BELIZE CITY (Reuters) - Belize's prime minister on Wednesday urged anti-virus software pioneer John McAfee to help the country's police with a murder inquiry, calling McAfee 'bonkers' for recent media statements.
'I don't want to be unkind, but he seems to be extremely paranoid - I would go so far as to say bonkers,' Prime Minister Dean Barrow said in Belize City. 'He ought to man up and respect our laws and go in and talk to the police.'
Belizean police want to question McAfee, 67, about the murder of his neighbor and fellow U.S. citizen, Gregory Viant Faull, 52, with whom McAfee had quarreled.
Police have been unable to track down McAfee since finding Faull dead on Sunday. In an interview on Tuesday, McAfee said he had gone into hiding because he believed Belizean authorities were trying to frame him for Faull's murder.
'You can say I'm paranoid about it, but they will kill me, there is no question. They've been trying to get me for months,' Wired magazine's website quoted McAfee as saying. 'I am not well liked by the prime minister.
Barrow called the claim rubbish, saying he had 'never met the man' and that the media attention McAfee had attracted was offering the American 'the best possible safeguard.'
'It's not as if the police have said he is a suspect and certainly there is no question at this point of charges pending,' Barrow said. 'The fact that this is smeared across international headlines means the police would have to act extremely cautiously in the full glare of the public spotlight.'
McAfee, who invented the anti-virus software that bears his name, has homes and businesses in Belize, and is believed to have settled in the country around 2010.

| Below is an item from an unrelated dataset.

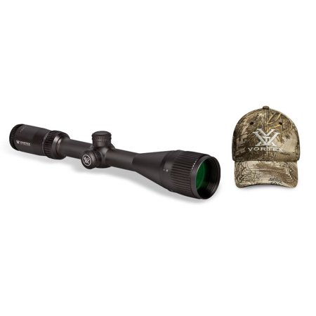<p>With long eye relief, a fast-focus eyepiece, fully multi-coated lenses and resettable MOA turrets, there's no compromising on the Crossfire II. Clear, tough and bright, this riflescope hands other value-priced riflescopes their hat. The hard anodized single-piece aircraft-grade aluminum tube is nitrogen purged and o-ring sealed for waterproof/fogproof performance. Dead-Hold BDC Reticle Customized dot design helps eliminate guesswork on holdover and windage corrections. Good for hunting/shooting at varying ranges where estimating holdover is a concern. Fully Multi-Coated Increases light transmission with multiple anti-reflective coatings on all air-to-glass surfaces. Second Focal Plane Reticle Scale of reticle maintains the same ideally-sized appearance. Listed reticle subtensions used for estimating range, holdover and wind drift correction are accurate at the highest magnification. Single-Piece Tube Maximizes alignment for improved accuracy and optimum visual performance, as well as ensures strength and waterproofness. The tube us purged with argon gas to prevent fogging in extreme temperatures, too. Aircraft-Grade Aluminum The Vortex Diamondback is constructed from a solid block of aircraft-grade aluminum for strength and rigidity. Its rugged construction makes it resistant to recoil and impact so it will maintain accuracy when used with even the most powerful rifles.</p> <p><b>Bundle Includes:</b></p> <ul> <li>Vortex Crossfire II 6-18x44 AO BDC w/sunshade Riflescope</li> <li>Vortex Realtree Camo Cap</li> </ul> <br /> <br />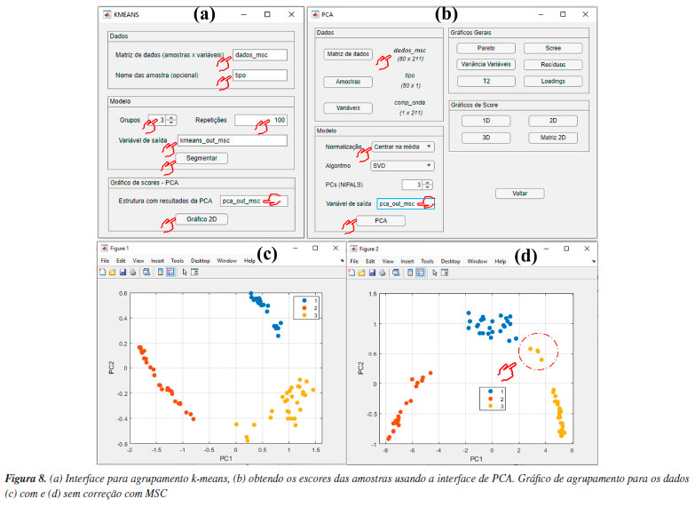 Por ser versátil, com várias possibilidades de combinações entre estimativas de métricas de distâncias e algoritmos de agrupamento, uma maneira eficaz de avaliar os resultados da HCA é através dos dendrogramas. Na Figura 7, temos os dendrogramas, uma representação gráfica na forma de um diagrama de árvore que exibe os agrupamentos (clustering) formados em cada passo e em seus níveis de similaridade. Cada nó no dendrograma representa um cluster ou um ponto de dados individual, e os ramos conectam os nós de acordo com a proximidade dos elementos, sendo que o tamanho dos ramos fornece o grau de dissimilaridade entre os grupos.54 Outro fator que deve ser considerado na análise dos dados é a aplicação do pré-processamento, conforme abordado na seção PCA. Na opção "Pré-processamento", os usuários podem testar diferentes possibilidades de pré-processamentos (Figura 6d). Neste caso, a comparação dos resultados entre os pré-processamentos de dados pode ser visualizada nas Figuras 7b-7e. Fica evidente nestes gráficos a importância da escolha do pré-processamento adequado, de modo que os resultados de agrupamento foram equivalentes usando Pareto (Figura 7b) ou centragem na média (Figura 7d), enquanto a ausência de pré-processamento (Figura 7c) ou a aplicação de autoescalamento (Figura 7e) pioraram os desempenhos, visto que amostras de Londrina foram agrupadas no grupo de Ponta Grossa e vice-versa. k-Means Nesta demonstração, vamos agrupar amostras de leites comerciais de acordo com o teor de gordura, utilizando dados espectrais adquiridos em um espectrômetro NIR portátil. Utilizaremos uma fração do conjunto de dados relatado no trabalho de Galvan et al.,56 que consiste em 80 amostras de leite, das quais 28 são amostras de leite integral (LI), 23 de leite desnatado (LD) e 29 de leite semidesnatado (LSD). A matriz X é composta por I linhas, que compreendem às amostras de leites, e J colunas, que correspondem aos comprimentos de onda em nanômetros, gerando uma matriz de dimensões 80 × 228, disponível no material de demonstração "dados_leite" e no YouTube.57 Desta vez, iniciaremos nossa demonstração utilizando a interface "Visualização e pré-tratamentos" (Figura 1Sa) para plotar o gráfico dos espectros e realizar o pré-tratamento dos dados. Nesta interface, aperte o botão "Plotar dados" e siga as instruções de preenchimento mostrados na Figura 5Sa (Material Suplementar). Durante a plotagem dos dados, os usuários têm a flexibilidade de criar suas próprias opções de rotulagem dos dados, entre outras opções, como excluir amostras do gráfico ou plotar classes específicas. Na Figura 5Sb, temos o gráfico dos espectros brutos das amostras. A análise visual dos espectros fornece informações importantes sobre como prosseguir no pré-processamento dos dados. Neste caso, é notável um deslocamento na linha de base nas ordenadas do espectro, possivelmente causado por efeitos de espalhamento aditivo e multiplicativo na absorbância, fenômenos característicos em espectros NIR. Observa-se ainda que, a partir de 1650 nm, ocorre um comportamento atípico no espectro, com aumento do ruído que se sobrepõe aos sinais dos espectros, e um ruído discreto entre 1400 e 1500 nm. Esses ruídos, resultantes da menor sensibilidade do detector ou da baixa intensidade da radiação em comprimentos de onda mais elevados, podem comprometer a análise dos dados. Em espectroscopia NIR, os pré-processamentos mais frequentemente aplicados incluem o uso de derivadas para a correção de efeitos aditivos, além de algoritmos como MSC ou SNV para corrigir efeitos multiplicativos e aditivos na absorbância. Além disso, algoritmos de alisamento, como a média móvel ou o filtro de Savitzky-Golay, são comumente empregados para reduzir o ruído nos espectros. É recomendável que os usuários testem diferentes opções de pré-processamento disponíveis no aplicativo. Para mais detalhes sobre os pré-processamentos, os leitores podem consultar Ferreira.3 Neste exemplo, após alguns testes, verificamos que cortar os espectros entre 900 e 1650 nm e aplicar o MSC foi suficiente para o agrupamento eficiente das amostras. Embora fosse possível aplicar também a primeira derivada com alisamento de Savitzky-Golay para corrigir efeitos de linha de base e ruído, os resultados obtidos foram similares, e por isso optamos por não incluir essa etapa extra. Para cortar os espectros, os usuários devem clicar no botão "Selecionar variáveis" e, em seguida, definir a matriz de dados (correspondente aos espectros brutos), o vetor de intensidades (relacionado aos comprimentos de onda) e, por fim, especificar a faixa desejada no campo apropriado, conforme indicado no aplicativo. Após cortar os espectros, a estrutura "sel_out" aparecerá no workspace do Matlab. Acessando essa estrutura, o usuário encontrará a matriz X com os espectros cortados, chamada "dados", e um vetor "faixa", que representa os comprimentos de onda dos espectros entre 900 e 1650 nm. Esses dados podem ser extraídos da estrutura (opcional). Para isso, basta clicar na matriz "dados", acessar a aba superior "VARIABLE" do software e, em seguida, clicar no botão "New from Selection" (ícone "+" amarelo no canto superior esquerdo), repetindo o mesmo procedimento para o vetor "faixa". Optamos por renomear a matriz "dados" para "dados_brutos" e o vetor "faixa" para "comp_onda", substituindo-os pelos dados cortados. Caso o usuário prefira não substituir os originais, basta atribuir novos nomes às variáveis. Ou, na linha de comando da "Command Window" (>>), o usuário pode escrever dados_brutos = sel_out.dados e comp_onda = sel_out.faixa. Em seguida, aplicaremos o algoritmo MSC na matriz de dados X cotada, ou seja, contendo a faixa espectral entre 900 e 1650 nm. Para isso, basta apertar o botão "Correção de sinal" e seguir as instruções de preenchimento da Figura 5Sc. Comparando os espectros das Figuras

There is already a case pending in Belize against McAfee for possession of illegal firearms, and police previously suspected him of running a lab to make the synthetic drug crystal meth.
On Wednesday, Belizean police said it had charged McAfee's British bodyguard William Mulligan, 29, and Mulligan's wife, Stefanie, 22, for having unlicensed weapons and ammunition.
Barrow rejected claims made by McAfee and an associate that the software pioneer was being targeted for refusing to donate to Belize's ruling United Democratic Party to help fund its successful re-election bid in March.
'I know of no individual in the UDP who has spoken to McAfee about contributions,' Barrow said.
McAfee was one of Silicon Valley's first entrepreneurs to build an Internet fortune. The ex-Lockheed systems consultant started McAfee Associates in 1989. McAfee currently has no relationship with the company, which has been sold to Intel Corp.